**What the task asks**
Starting at the line with "Какая масса воды" and ending at the line with "In the US, as", print exactly the lines of the entries below. Pictures do not belong in the copy.

**Records to process**
○ ○ ○ ○
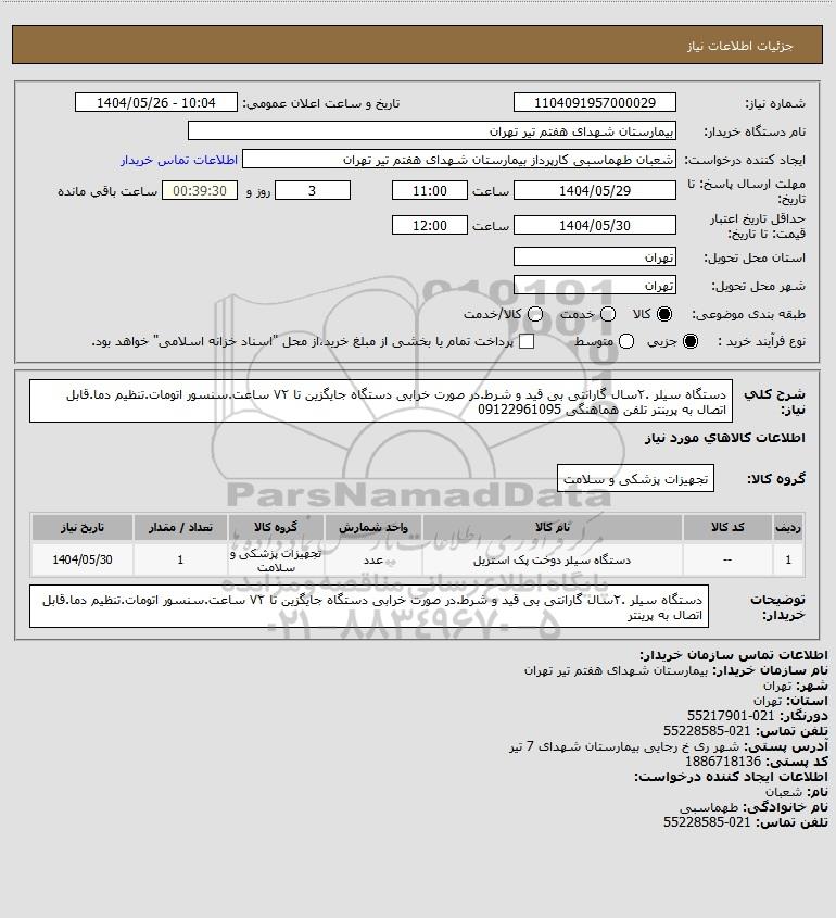 نام دستگاه خریدار:بیمارستان شهدای هفتم تیر تهران
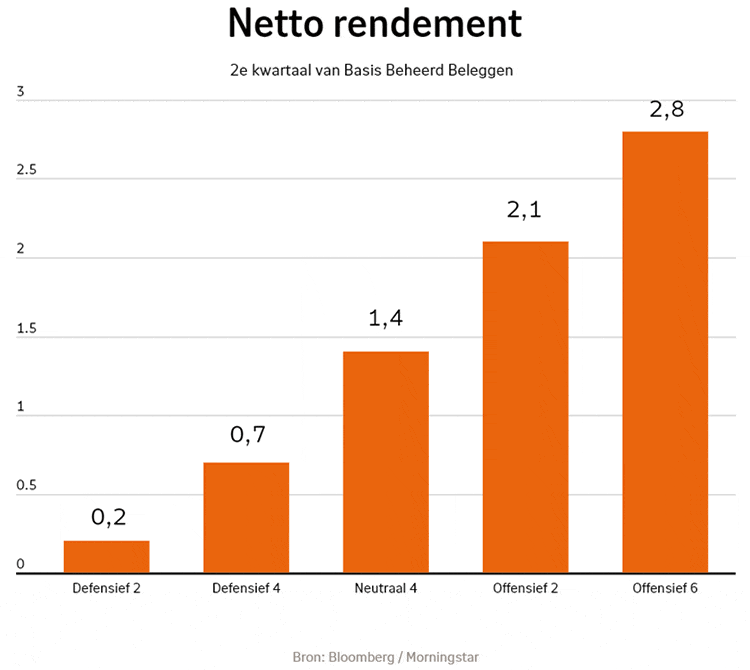 In het tweede kwartaal behaalden alle modelportefeuilles een positief resultaat. Het rendement van modelportefeuille Neutraal 4 kwam het afgelopen kwartaal uit op 1,4%. Deze portefeuille heeft een standaardweging van 50% obligaties en 50% aandelen.
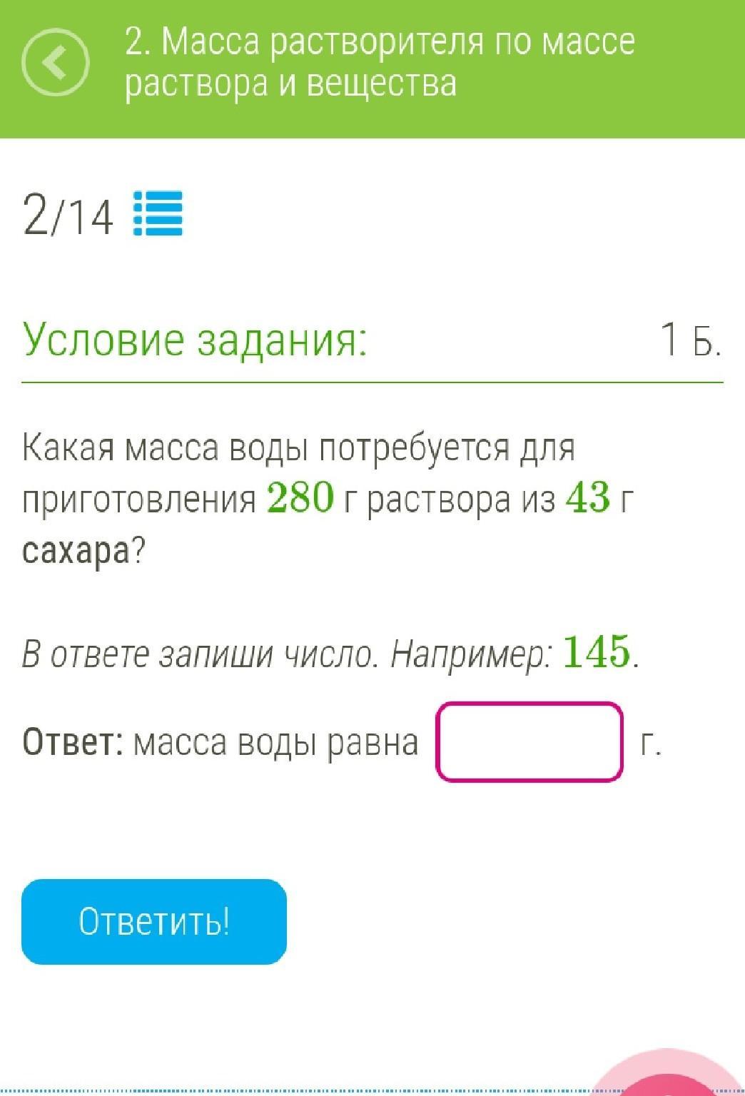 Какая масса воды потребуется для приготовления 280 г раствора из 43 г сахара?
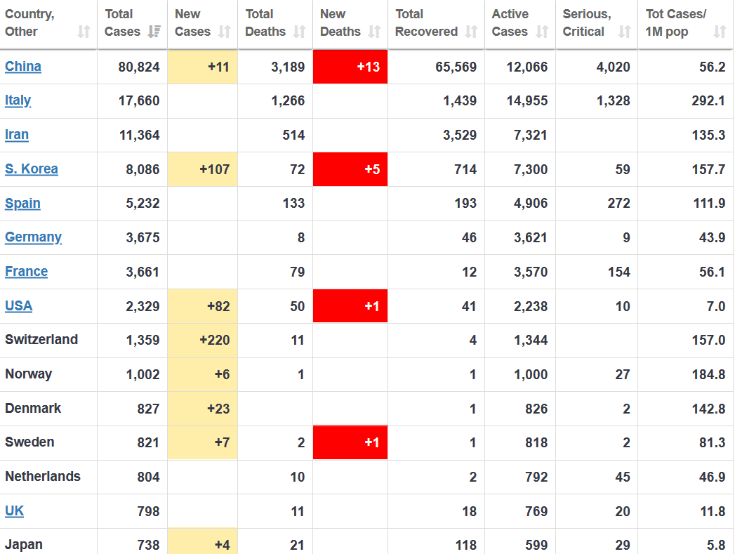 In the US, as of this time, 2329 people are infected, 51 have died and 41 recovered. In Europe, Italy has been hit the hardest with 17,660 cases reported and 1,266 deaths.
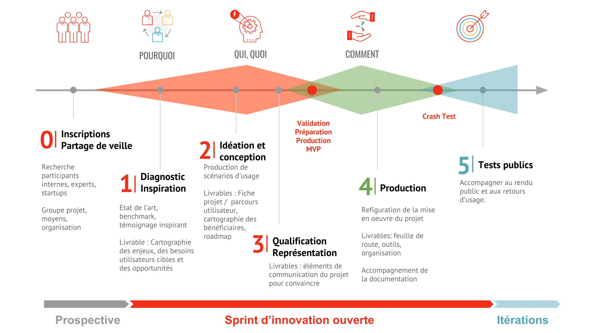 Au cours d’un sprint créatif de deux semaines, des équipes pluridisciplinaires ont conçu des prototypes testables en réponse aux défis identifiés, documentés et diffusés sous licence opensource, au bénéfice de l’ensemble des acteurs.
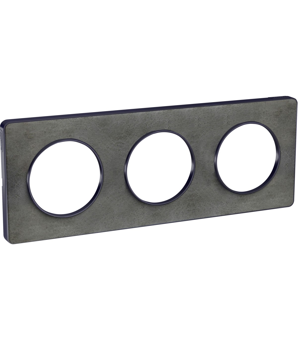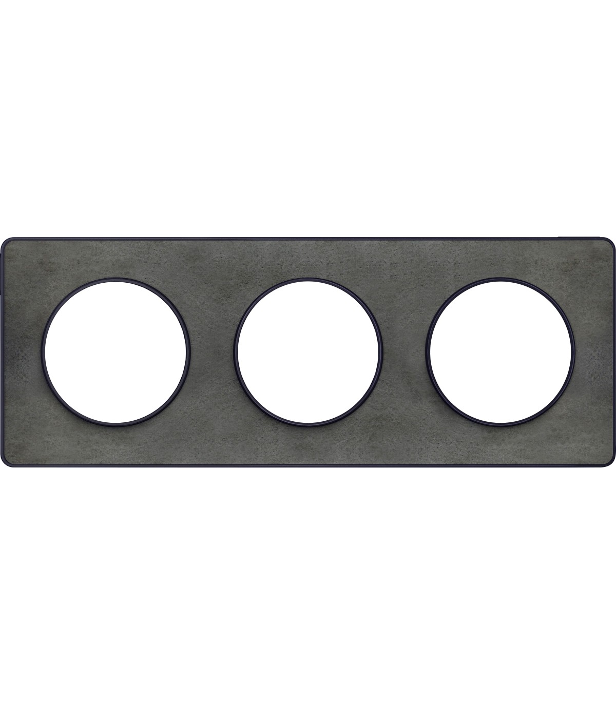 Plaque Odace Touch Schneider 3 postes entraxe 71mm, couleur ardoise avec liseré anthracite. Pose horizontale ou verticale.
○ ○ ○ ○
**Task response**
 Какая масса воды потребуется для приготовления 280 г раствора из 43 г сахара?
 In the US, as of this time, 2329 people are infected, 51 have died and 41 recovered. In Europe, Italy has been hit the hardest with 17,660 cases reported and 1,266 deaths.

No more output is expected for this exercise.